3.1. O SISTEMA PARTIDÁRIO E OS PARTIDOS POLÍTICOS

3.1.2. COMPETIÇÃO ESPACIAL

O modo como opera a competição dentro do sistema bipartidário foi formalizado no modelo de Anthony Downs (1999). A partir da análise da estática e da dinâmica das ideologias partidárias através da distribuição de eleitores ao longo da escala ideológica esquerda-direita, Downs concluiu que em sistemas bipartidários os partidos convergem ideologicamente ao centro e que o medo de perder eleitores extremistas os impedem de se tornarem idênticos. Neste sistema, os partidos dispõem de um arco muito mais amplo de políticas do que em um sistema multipartidário. Assim, há no sistema bipartidário uma maior área de políticas que se sobrepõe perto do meio da escala, isto é, para o autor os partidos competem de maneira centrípeta, buscando minorar as diferenças e disputando o jogo da política com moderação responsável, presumivelmente porque os eleitores indecisos são moderados, localizando-se espacialmente entre os dois partidos, mais ou menos no centro do espectro de opiniões.
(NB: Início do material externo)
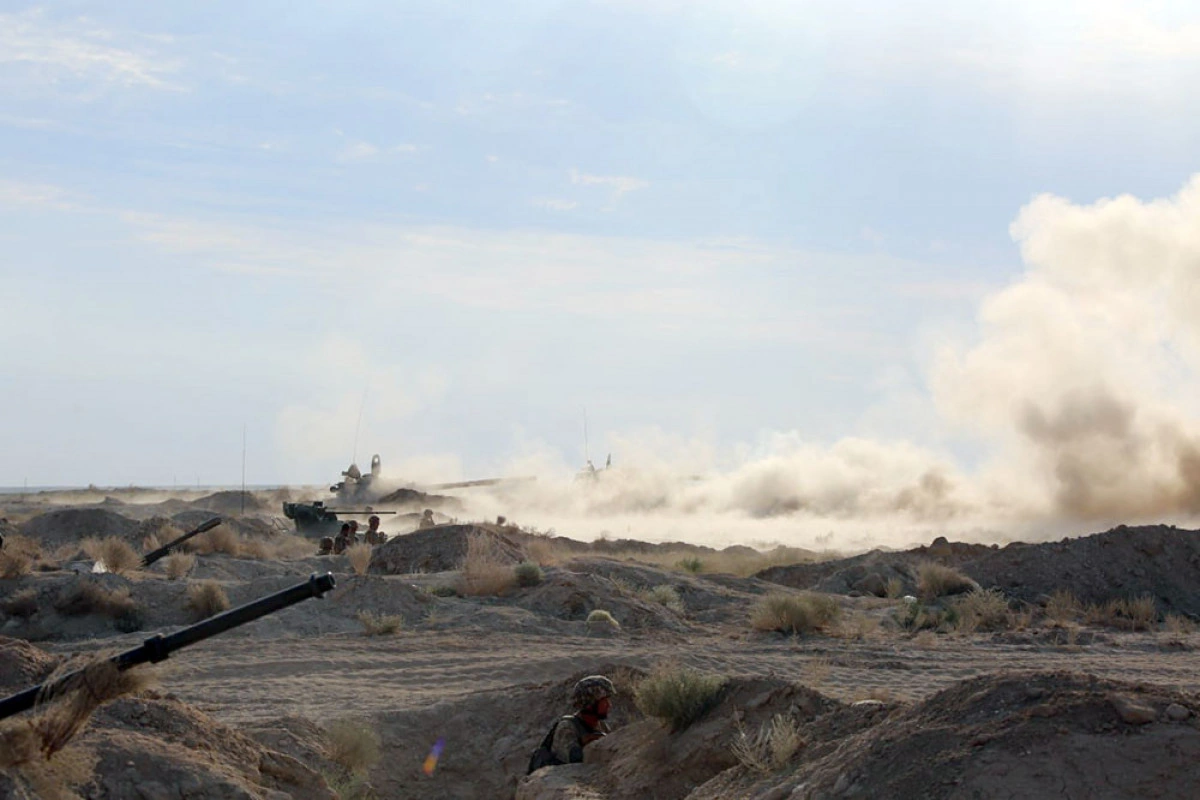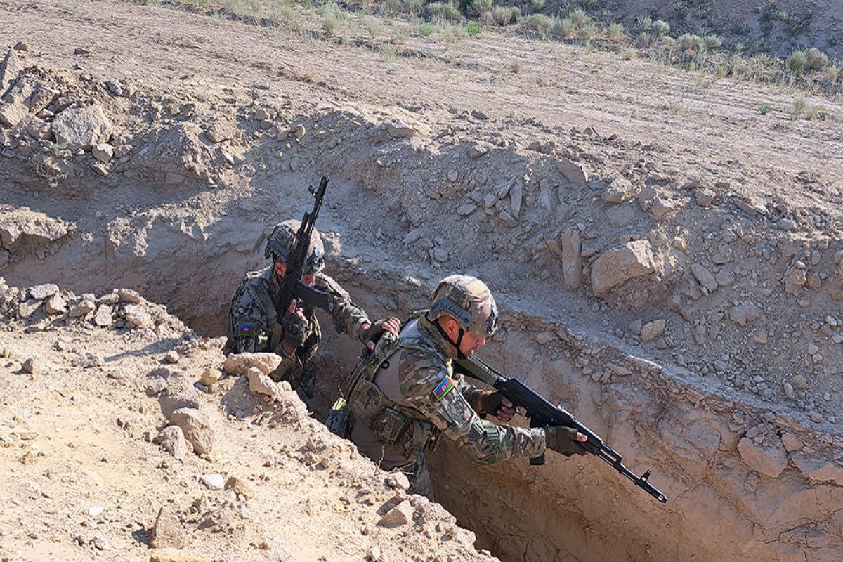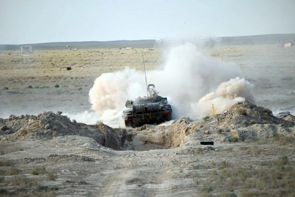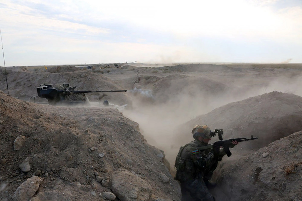 Təlim meydançasında hücuma keçən Azərbaycan Ordusunun Quru Qoşunlarının hərbi qulluqçuları şərti düşmən qüvvələrinin müqavimətinin qarşısını alaraq onun canlı qüvvəsini və döyüş texnikasını məhv ediblər.

Essa tendência à semelhança entre os partidos seria ainda reforçada por uma ambiguidade deliberada em relação a cada questão específica em debate. Contudo, fomentar a ambiguidade seria, na visão dele, o caminho racional para cada partido no bipartidarismo. Nesse sentido, a perspectiva de Downs sugere que não haveria diferenças de posicionamentos extremadas entre os partidos, de modo que a competição não poderia ser considerada polarizada.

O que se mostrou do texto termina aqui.